Habilitando ZTNA no FortiGate
Pré-requisito: FortiClient EMS configurado com o agente instalado nos endpoints. O EMS é responsável por emitir o certificado de dispositivo usado pelo FortiGate para verificar a identidade do endpoint.
1. Configurar ZTNA Server: no FortiGate, em Policy & Objects > ZTNA, crie um servidor ZTNA definindo o endereço real da aplicação protegida e o endereço virtual exposto aos usuários remotos.
2. Definir regras de acesso: crie ZTNA Access Proxy Rules especificando quais grupos de usuários (via FortiAuthenticator ou AD) e quais posturas de dispositivo (via EMS tags) têm acesso a cada aplicação.
3. Configurar verificação de postura: no EMS, defina os critérios de postura — versão mínima de SO, antivírus ativo, últimas atualizações instaladas. Dispositivos fora de conformidade recebem acesso negado ou acesso a uma rede de remediação.
Dica Fortilab: Não é necessário migrar tudo para ZTNA de uma vez. Comece pelas aplicações mais críticas (ERP, acesso remoto a servidores) e expanda gradualmente. ZTNA e VPN tradicional podem coexistir durante a transição.
Controle de acesso baseado em identidade (FSSO)
Mesmo para usuários internos (não remotos), é possível aplicar princípios Zero Trust usando FSSO (Fortinet Single Sign-On). O FSSO monitora eventos de login no Active Directory e envia as informações de usuário/grupo em tempo real ao FortiGate.

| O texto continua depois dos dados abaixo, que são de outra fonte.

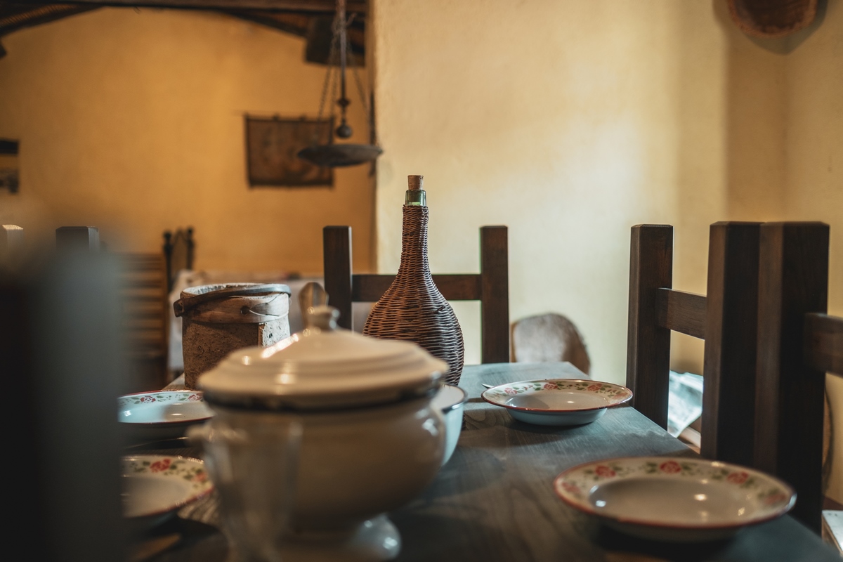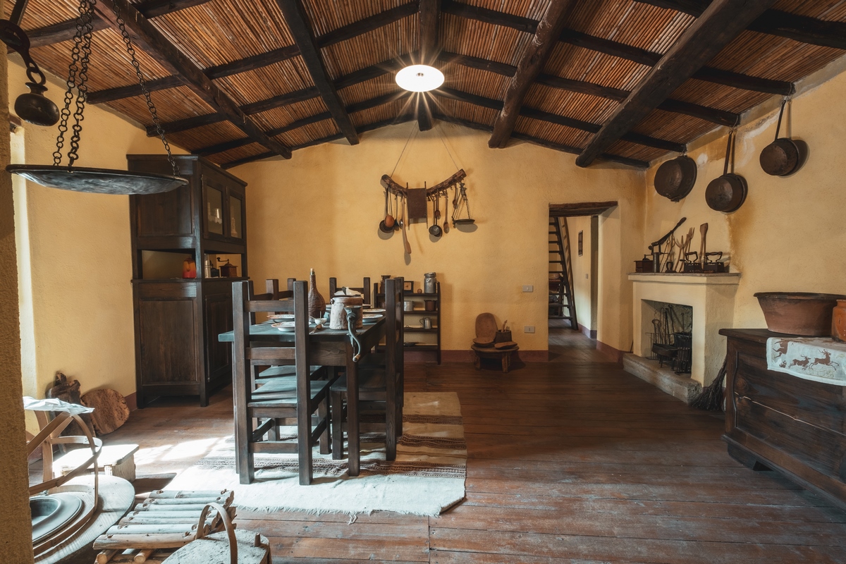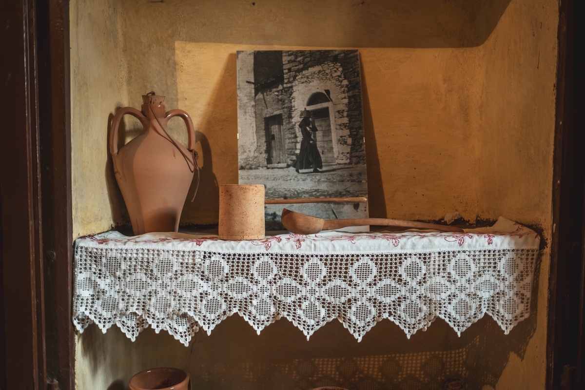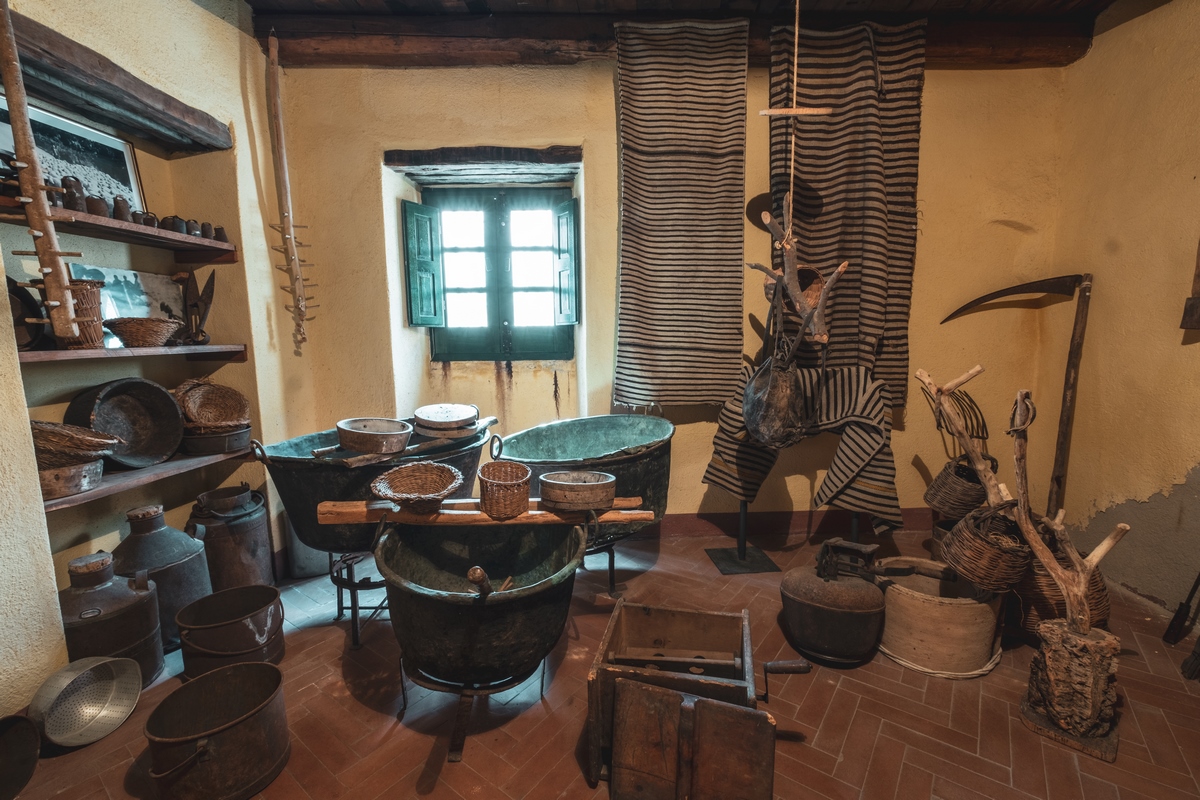 Outils, bibelots, objets d’usage quotidien et instruments de travail sont disposés selon un parcours thématique qui s’articule à travers les espaces de cette maison-musée ; tous ont pour fonction de représenter et de communiquer des activités ou moments spécifiques de la vie quotidienne.

Com o FSSO, as políticas de firewall podem ser associadas a grupos do AD em vez de endereços IP. Um usuário do grupo Financeiro recebe uma política diferente de um usuário do grupo TI — mesmo que estejam no mesmo segmento de rede, com o mesmo endereço IP do DHCP.
Isso possibilita controle granular sem depender da posição física na rede — um dos pilares do Zero Trust aplicado a redes locais.
Maturidade Zero Trust: por onde começar
Implementar Zero Trust é uma jornada, não um projeto com data de conclusão. Uma progressão realista para médias empresas:
Fase 1 — Fundação: segmentação de rede com VLANs, MFA para acesso remoto e administrativo, inventário de dispositivos e aplicações.
Fase 2 — Visibilidade: FSSO para políticas baseadas em identidade, inspeção SSL para visibilidade do tráfego criptografado, centralização de logs no FortiAnalyzer.
Fase 3 — Verificação contínua: FortiClient EMS com verificação de postura, ZTNA para substituição gradual de VPN, resposta automatizada a incidentes via FortiSOAR.